Great Lakes, great progress on the economic front

September 25, 2018
Written By:
Greta Guest
Pristine clear waters of Lake Superior Pictured Rocks National Lake-shore, near Munising, Michigan. Image credit: iStock

Pristine clear waters of Lake Superior Pictured Rocks National Lake-shore, near Munising, Michigan. Image credit: iStock

ANN ARBOR—A $2.5 billion federal program to restore the Great Lakes from 2010 through 2016 ended up boosting home prices, economic output, tourism spending and job creation, according to an analysis by University of Michigan economists.

The report analyzed federal funding of the Great Lakes Restoration Initiative and found that each dollar spent during those six years will produce $3.35 of additional economic activity in the Great Lakes region through 2036. The study shows that in certain communities, the longer-term impact will be even greater. Every dollar spent in Buffalo and Detroit, for example, will produce more than $4 of economic activity.

“The economic prosperity of the Great Lakes states, and especially their watersheds, has been hampered by the historical environmental pollution of the Great Lakes and the rivers, bays, and lakes connected to them,” said Gabriel Ehrlich, director of the Research Seminar in Quantitative Economics at U-M. “We have provided evidence that the Great Lakes Restoration Initiative has provided substantial benefits to the economy of the Great Lakes region even as it has begun the work of restoring the physical environment of the Great Lakes.”

GLRI launched in 2010, and Congress has appropriated more than $2.5 billion to fund more than 3,600 projects in eight Great Lake states, which have dramatically improved environmental conditions around the region. While the program’s original intention was not to stimulate the economy, the study shows that it created or supported thousands of jobs.

Ehrlich estimated that the initiative’s annual economic benefits accelerated as project spending ramped up and longer-term benefits from improved quality of life and attractiveness as a tourism location took effect. By 2015, annual economic output in the region had increased by an estimated $500 million due to the program.

“Even after the spending associated with these projects finishes, many of the economic benefits to the Great Lakes region will persist.

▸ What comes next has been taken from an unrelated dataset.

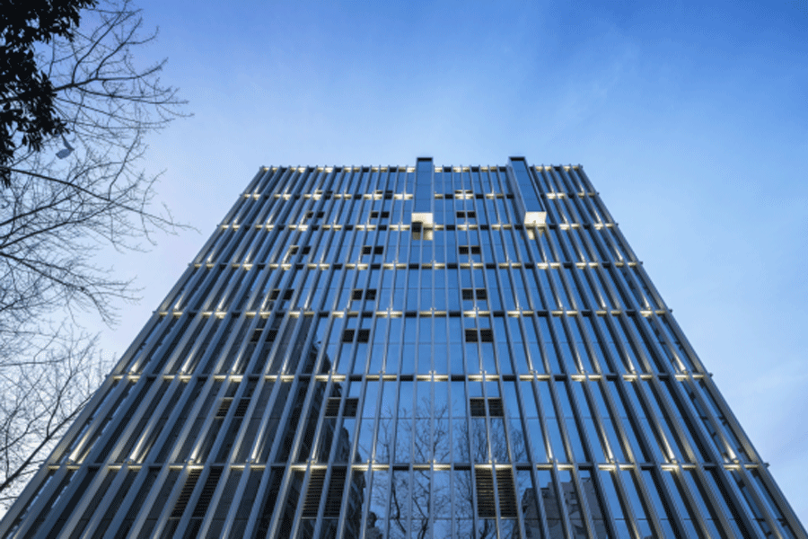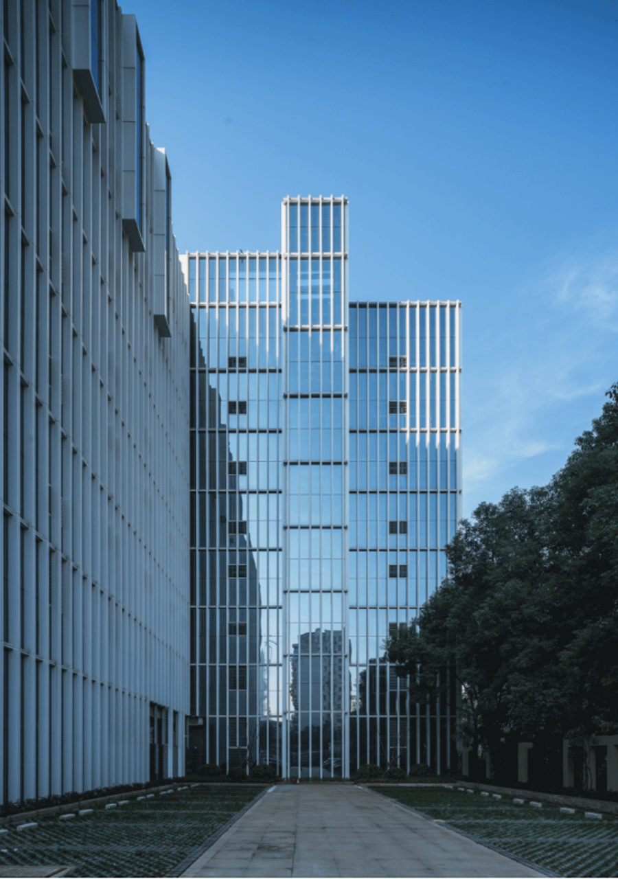 遮阳系统:立面的装饰杆件又可以作为标准的侧向遮阳系统,以减少低角度阳光的直射。

We estimate that the GLRI projects we studied will lead to an additional $150 million of economic output in region in the year 2036,” Ehrlich said.

The initiative lead to significant new real estate and commercial development, particularly in waterfront areas; a resurgence in traditional water-based recreation and the emergence of a new type of tourism focused on kayaking, kitesurfing, and paddle boarding.

Every federal dollar of GLRI project spending from 2010 to 2016 will generate $1.62 in tourism-related industries through 2036. Housing also benefited as the GRLI produced quality of life improvements worth $1.08 to residents as measured in housing values, leading to an overall rise of $900 million in home values in Great Lakes coastal communities.

The study was conducted by RSQE for a team lead by the Great Lakes Commission and the Council of Great Lakes Industries. The team also included the U-M Water Center, Michigan’s Office of the Great Lakes, Alliance for the Great Lakes, the National Wildlife Federation’s Great Lakes Regional Center, and the Great Lakes Metro Chambers Coalition.

“This study describes what we already know in facts and figures—cleaning up legacy pollution and restoring aquatic habitat on the Great Lakes isn’t only good for the environment, it creates jobs and fuels the regional economy,” said John Linc Stine, chair of the Great Lakes Commission. “It’s a positive legacy that states and our partner organizations can leave for future generations.”

The study was funded by the Charles Stewart Mott Foundation, the Fred A. and Barbara M. Erb Family Foundation, the Joyce Foundation, the Wege Foundation, the Fund for Lake Michigan, Michigan Department of Natural Resources’ Office of the Great Lakes, and the Pennsylvania Department of Environmental Protection’s Office of the Great Lakes.